Companies need to be asking themselves how they’re going to be relevant to their clients and their new needs in the future and stop trying to tell those customers how they’ve been relevant in the past that might never return, he said.
“Your old message is getting in the way of new customers,” said Stimson. “Maybe you can afford to sit it out for now, but your customers can’t afford to wait. They see your old message all of your website and social media and they see something that’s not what they need.
Related: How Public Relations Can Help Your Marketing Efforts
“It’s not helping your business or your customers.
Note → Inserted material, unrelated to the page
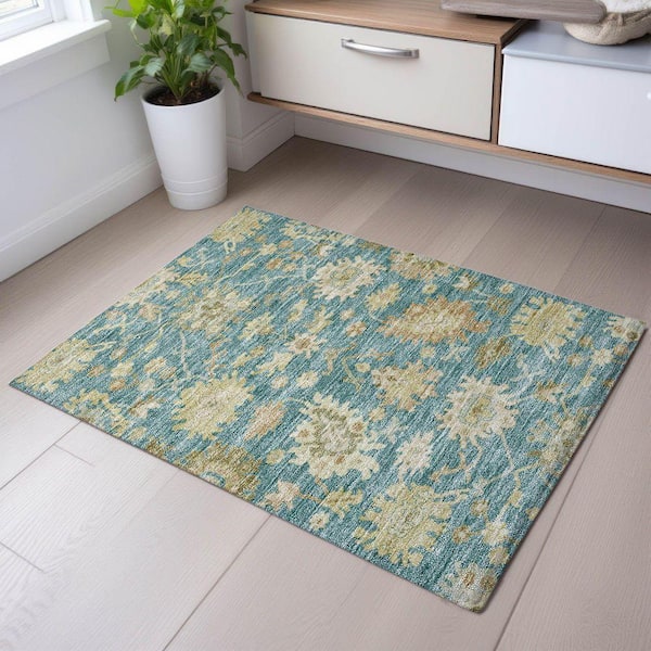 Mayfield Premium Machine Washable Abstract AMF1150 Teal 2 ft. x 3 ft. Area Rug

It sounds like your heart is in the past,” he said, noting that streaming events should be front and center today for companies who built their brands in live events. Virtual events shouldn’t be an add-on, said Stimson. They should be the focus for you today.
“We have to change what the customer perceives us to be,” said Stimson. “You should market the company you need to be to the customer who needs you. It’s easier to keep a customer than to win a customer and it’s easier to win a customer when the market is in flux like it is today.
“If you don’t help people at their most basic need level, you won’t be in their sites when the next big opportunity comes along,” he said.
How to Revamp Your Marketing Message
Stimson says company leaders need to trim old references and images from their websites, make profiles of their target customers and highlight their values.
“Look at sales as a series of conversations that marketing can support,” said Stimson. “The key is letting go of what you can’t be right now. You want to share your knowledge, sell your services and help the buyer see themselves doing business with you.
“You need to understand the customer’s reality and put things in front of them in those terms,” he said.